Elsewhere, there are glimmers of hope. The annual £28bn the Labour party is still pledging to spend on new climate measures – which sits alongside other plans for government-led investment in deprived areas – will have clear benefits for coastal places, not least because of the centrality to the plans of offshore wind. Its promised “take back control” bill will at least increase the responsibilities of local councils, and thereby bring some decisions closer to the places they affect.
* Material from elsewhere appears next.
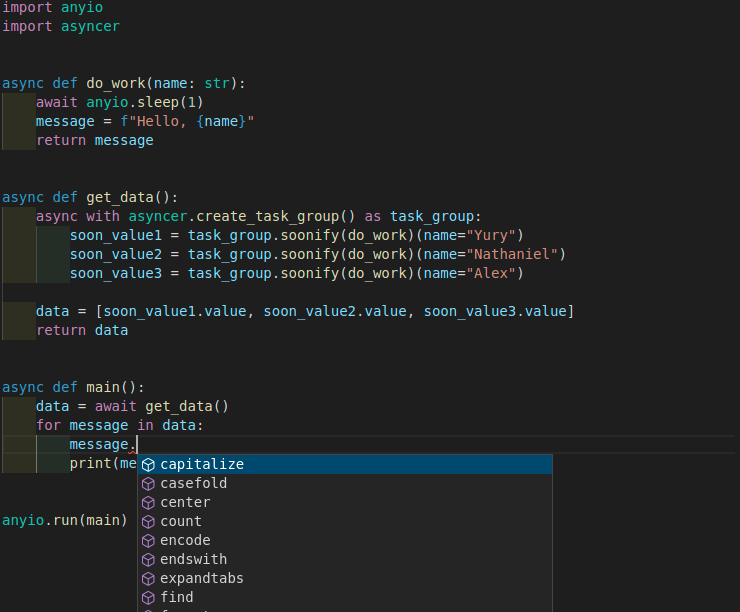 Because of the way Asyncer is designed, you will get typing support in these SoonValue objects and their soon_value1.value attribute.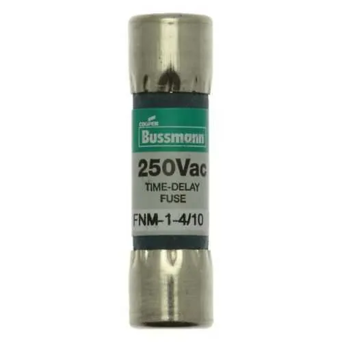 FNM-1-4/10 Eaton: Eaton Bussmann series FNM fuse, Time-delay, 1.4 A, Dual, Non-indicating, Ferrule end x ferrule end, 10 kAIC at 125 Vac, 100 AIC at 250 Vac, Nickel-plated bronze endcap, Standard, 250 V

But as ever, more radical thinking might be a good idea. Within central government, coastal communities should surely have their own dedicated minister. Clusters of seaside towns should perhaps be grouped into federations led by mayor-like figures, and given responsibility for collective regeneration plans, along with the kind of substantial spending power that Westminster politicians never like to talk about.
Last summer, I took a family holiday not far from Minehead, a coastal town on the edge of Somerset long associated with deprivation, scarce job opportunities and a sense of being woefully cut off. It is actually a gloriously located place, overlooked by a spectacular headland, with an elegantly wide main street and a lovely beach. It is 60 miles from Bristol and about 40 from Exeter: in the era of working from home, it could thrive.
But besides steam trains that slowly transport tourists across the nearby countryside, its 12,000 residents have no rail service: the town’s station closed in 1971. As with so many other places, choices were made in distant centres of power that condemned it to long years of stagnation and decay. Now, instead of fixating on coastal towns one day and forgetting them the next, could we not just give them what they need?